> Exercise directions:
Although the entries contain pictures, the copy should hold only their exact text.

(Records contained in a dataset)
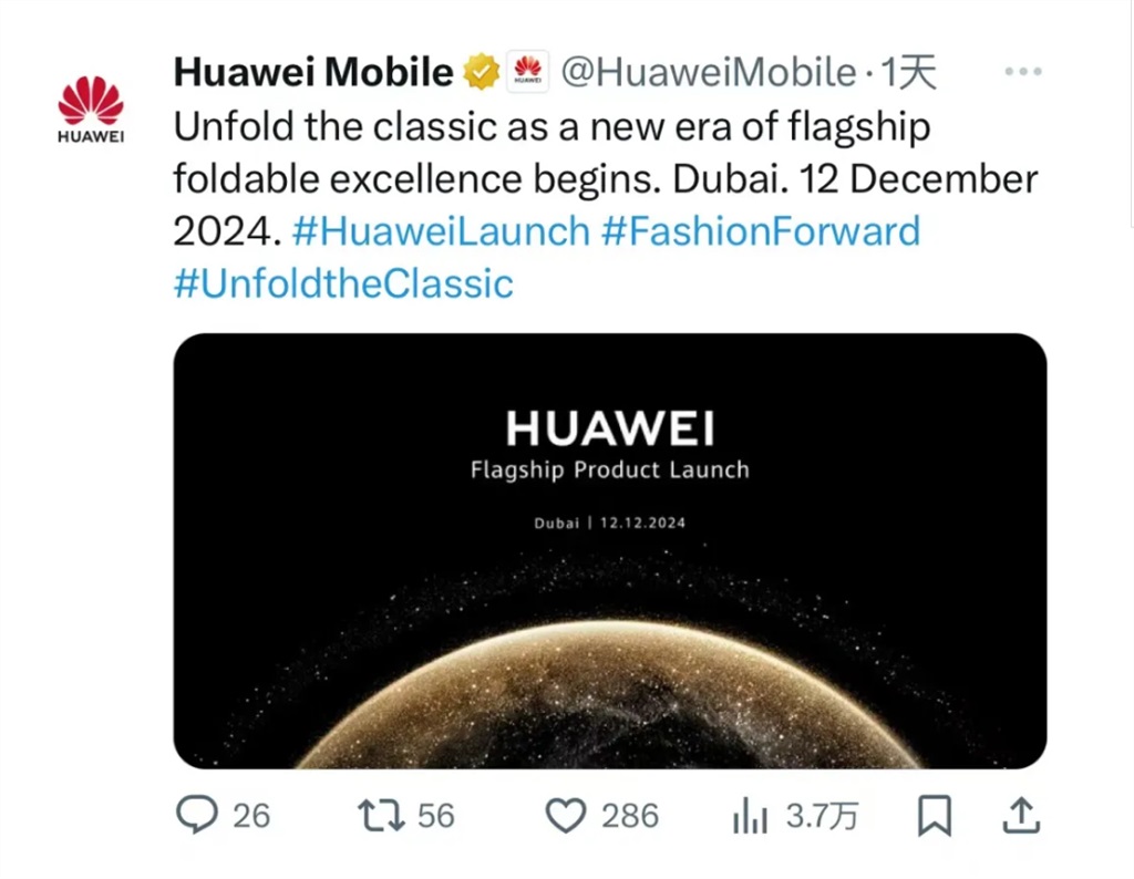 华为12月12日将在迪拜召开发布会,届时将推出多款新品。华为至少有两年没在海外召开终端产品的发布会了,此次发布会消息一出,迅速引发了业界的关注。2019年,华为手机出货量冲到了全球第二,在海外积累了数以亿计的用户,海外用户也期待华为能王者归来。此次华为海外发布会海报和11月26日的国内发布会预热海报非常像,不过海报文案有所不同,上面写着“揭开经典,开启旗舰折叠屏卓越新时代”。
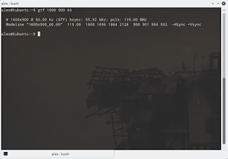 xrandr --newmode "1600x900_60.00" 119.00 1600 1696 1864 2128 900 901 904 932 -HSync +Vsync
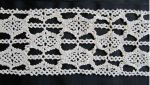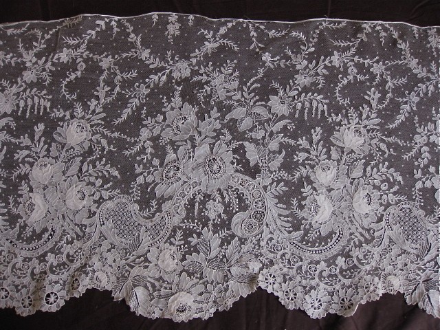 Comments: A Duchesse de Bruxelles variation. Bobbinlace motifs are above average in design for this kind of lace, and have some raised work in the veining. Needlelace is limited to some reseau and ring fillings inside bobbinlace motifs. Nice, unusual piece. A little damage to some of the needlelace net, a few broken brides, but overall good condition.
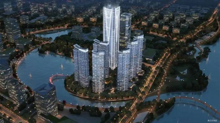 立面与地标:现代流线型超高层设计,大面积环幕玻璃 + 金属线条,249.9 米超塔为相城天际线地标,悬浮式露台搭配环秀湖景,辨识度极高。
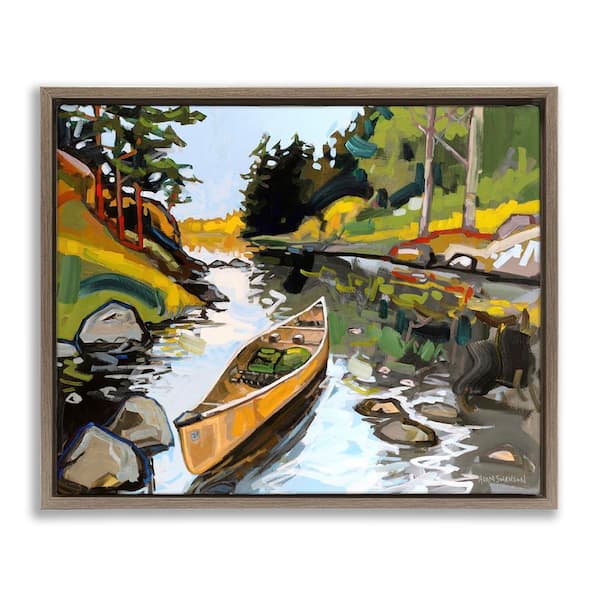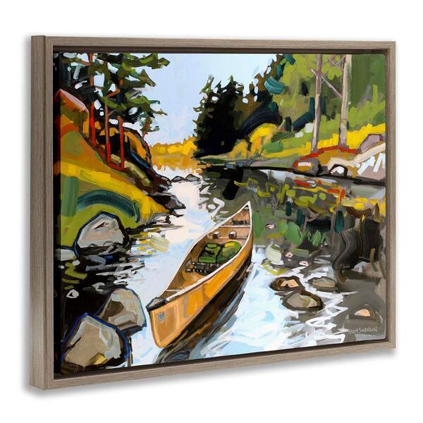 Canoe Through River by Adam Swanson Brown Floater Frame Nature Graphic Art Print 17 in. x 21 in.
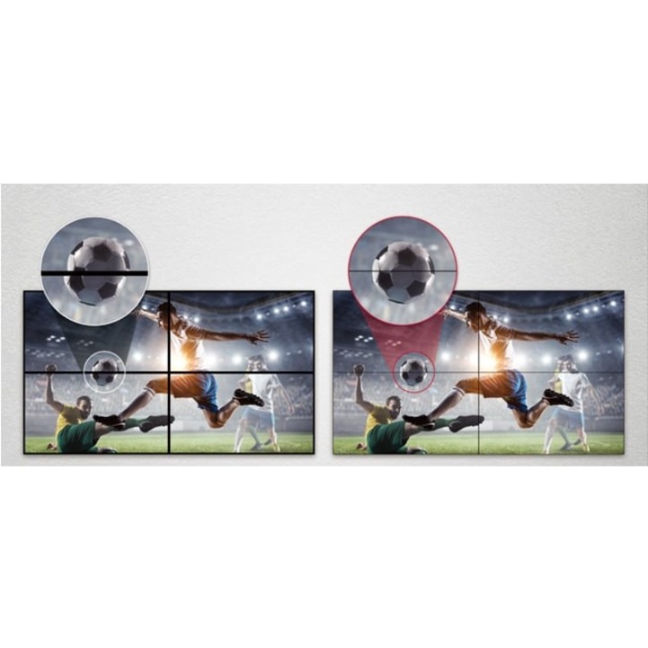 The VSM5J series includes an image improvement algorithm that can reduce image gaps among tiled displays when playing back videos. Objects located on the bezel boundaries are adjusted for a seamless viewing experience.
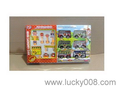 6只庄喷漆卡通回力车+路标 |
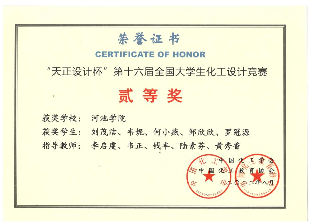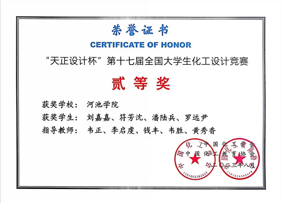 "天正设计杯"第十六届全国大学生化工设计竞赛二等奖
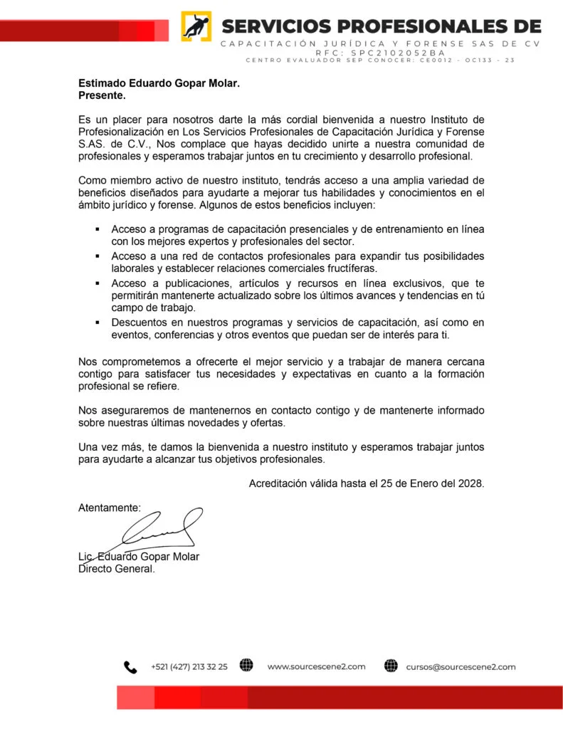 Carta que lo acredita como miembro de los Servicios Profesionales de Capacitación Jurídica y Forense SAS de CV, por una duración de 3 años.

> Written solution:
 华为12月12日将在迪拜召开发布会,届时将推出多款新品。华为至少有两年没在海外召开终端产品的发布会了,此次发布会消息一出,迅速引发了业界的关注。2019年,华为手机出货量冲到了全球第二,在海外积累了数以亿计的用户,海外用户也期待华为能王者归来。此次华为海外发布会海报和11月26日的国内发布会预热海报非常像,不过海报文案有所不同,上面写着“揭开经典,开启旗舰折叠屏卓越新时代”。
 xrandr --newmode "1600x900_60.00" 119.00 1600 1696 1864 2128 900 901 904 932 -HSync +Vsync
 Comments: A Duchesse de Bruxelles variation. Bobbinlace motifs are above average in design for this kind of lace, and have some raised work in the veining. Needlelace is limited to some reseau and ring fillings inside bobbinlace motifs. Nice, unusual piece. A little damage to some of the needlelace net, a few broken brides, but overall good condition.
 立面与地标:现代流线型超高层设计,大面积环幕玻璃 + 金属线条,249.9 米超塔为相城天际线地标,悬浮式露台搭配环秀湖景,辨识度极高。
 Canoe Through River by Adam Swanson Brown Floater Frame Nature Graphic Art Print 17 in. x 21 in.
 The VSM5J series includes an image improvement algorithm that can reduce image gaps among tiled displays when playing back videos. Objects located on the bezel boundaries are adjusted for a seamless viewing experience.
 6只庄喷漆卡通回力车+路标 |
 "天正设计杯"第十六届全国大学生化工设计竞赛二等奖
 Carta que lo acredita como miembro de los Servicios Profesionales de Capacitación Jurídica y Forense SAS de CV, por una duración de 3 años.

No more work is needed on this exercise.